*BRIEF*: Please repeat only the lines below starting at the line that holds "Perfect for nature" and ending at the line that holds "福建省福州金山中学2024-2025学年九年级下学期入学考试物理试卷", exactly, with both of those lines included and every picture omitted.

*DATA EXTRACTS*:
------------------------------------

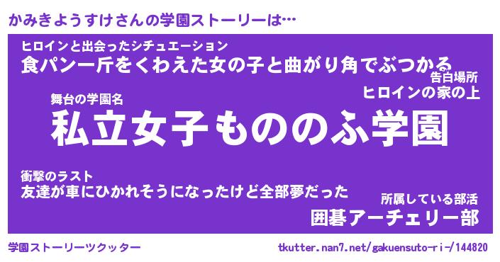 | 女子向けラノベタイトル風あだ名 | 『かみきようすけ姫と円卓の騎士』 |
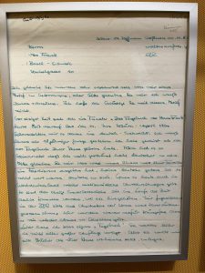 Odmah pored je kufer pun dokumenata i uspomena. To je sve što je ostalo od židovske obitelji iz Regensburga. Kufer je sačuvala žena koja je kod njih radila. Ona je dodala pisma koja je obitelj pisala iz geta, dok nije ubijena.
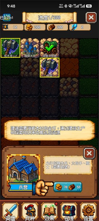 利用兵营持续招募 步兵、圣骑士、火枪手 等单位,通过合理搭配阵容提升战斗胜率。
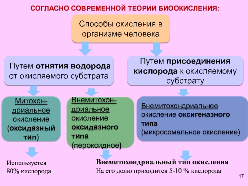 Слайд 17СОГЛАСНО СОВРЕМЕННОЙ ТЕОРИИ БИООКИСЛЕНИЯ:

------------------------------------

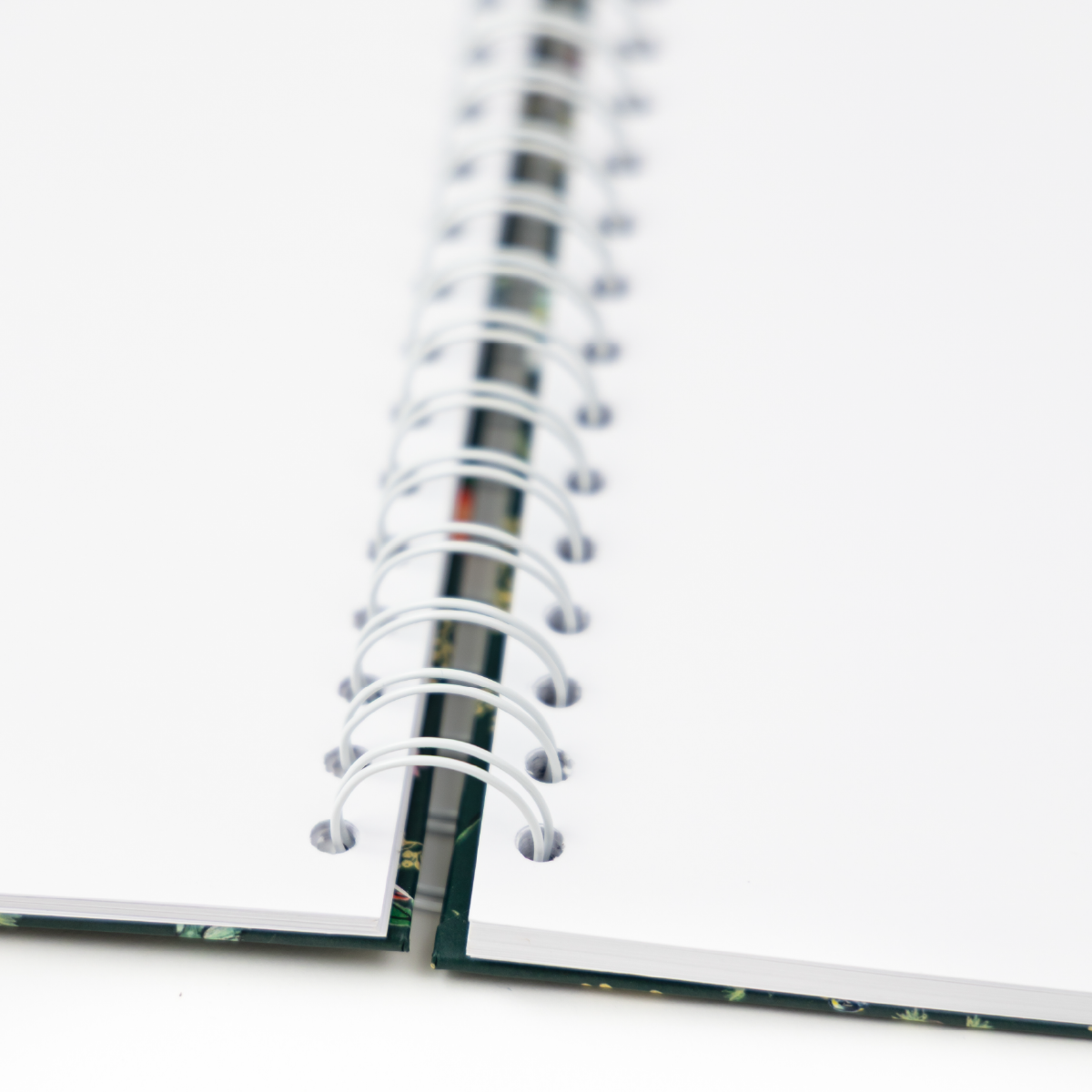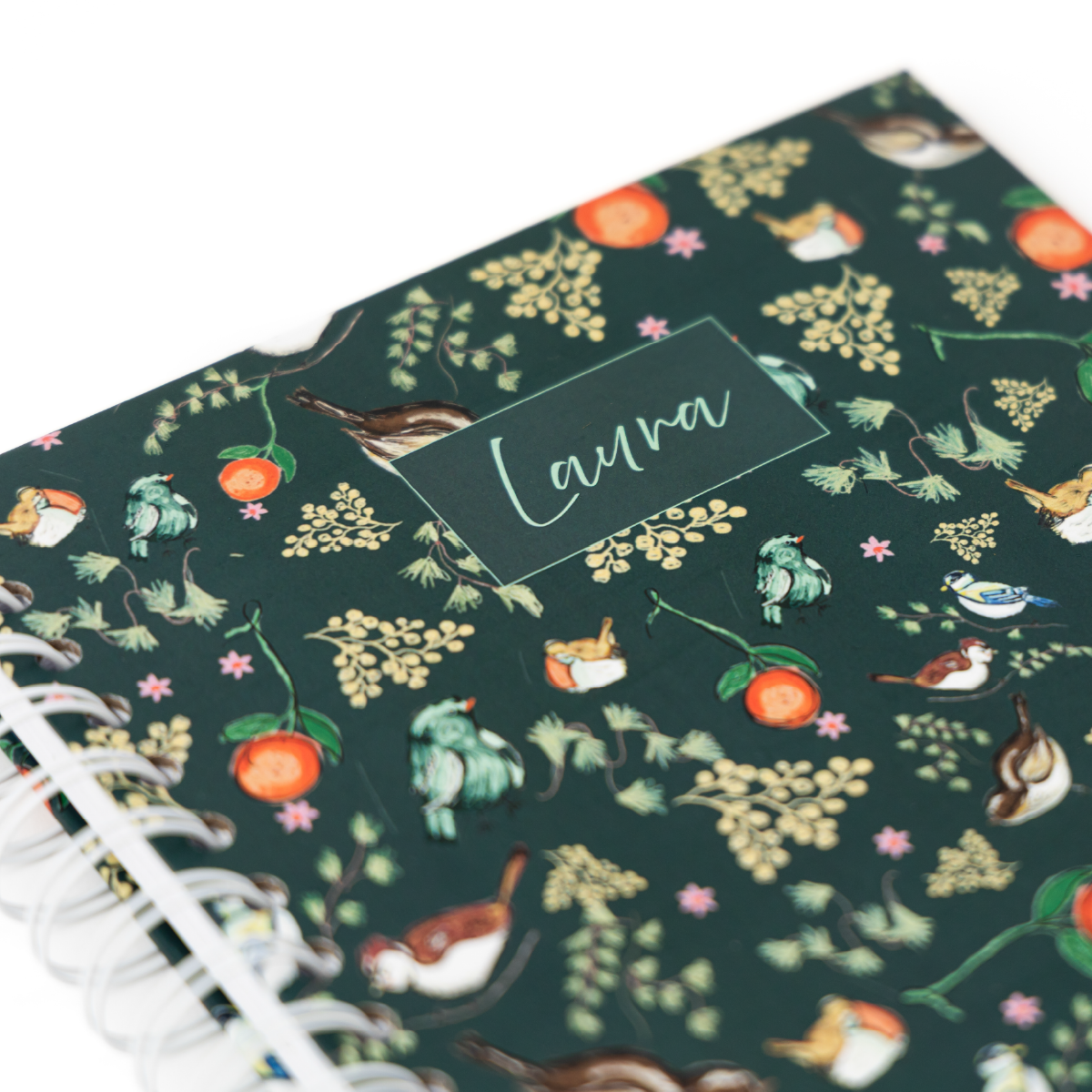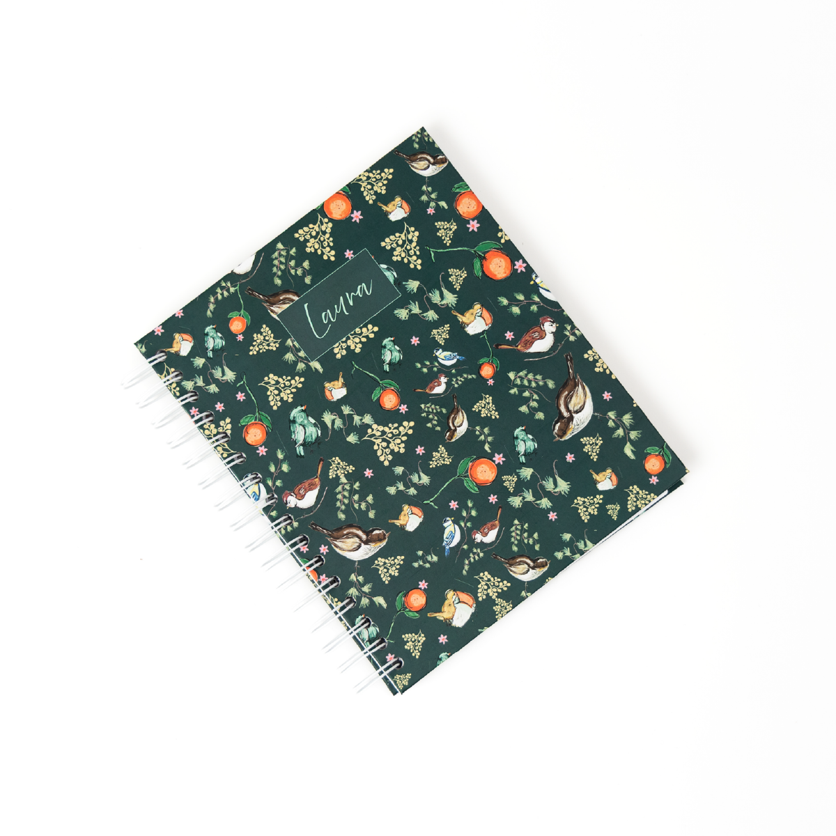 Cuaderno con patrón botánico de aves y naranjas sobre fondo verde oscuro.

------------------------------------

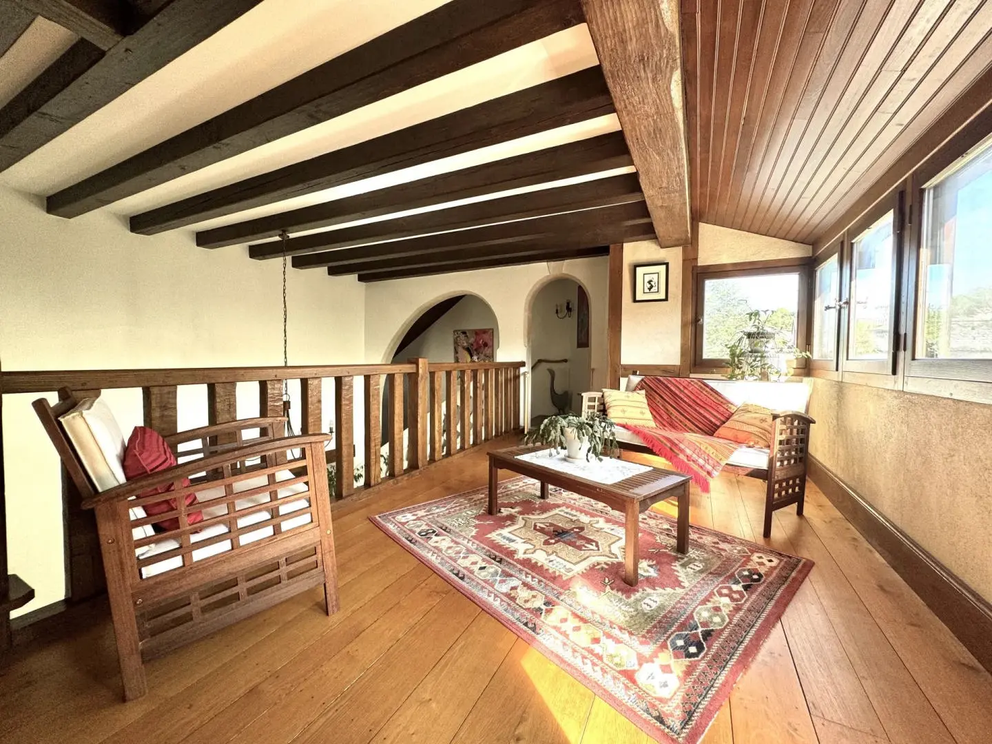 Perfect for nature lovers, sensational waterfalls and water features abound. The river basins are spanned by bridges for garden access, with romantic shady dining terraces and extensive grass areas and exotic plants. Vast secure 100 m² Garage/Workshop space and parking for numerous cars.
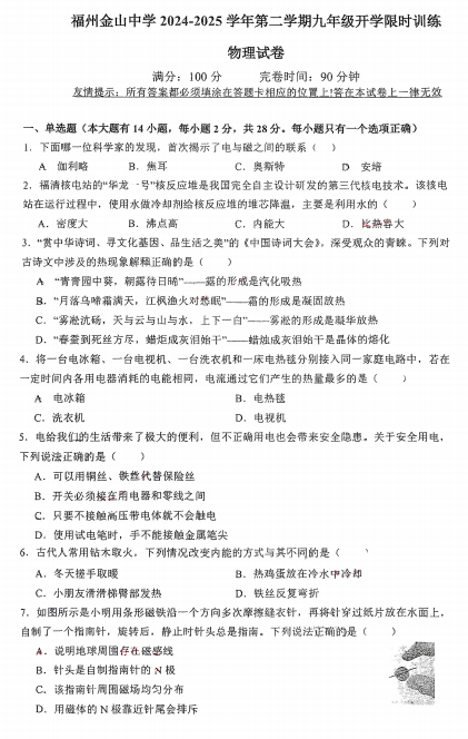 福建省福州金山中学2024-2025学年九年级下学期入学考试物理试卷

------------------------------------

*SOLUTION FOR THIS PROBLEM*:
 Perfect for nature lovers, sensational waterfalls and water features abound. The river basins are spanned by bridges for garden access, with romantic shady dining terraces and extensive grass areas and exotic plants. Vast secure 100 m² Garage/Workshop space and parking for numerous cars.
 福建省福州金山中学2024-2025学年九年级下学期入学考试物理试卷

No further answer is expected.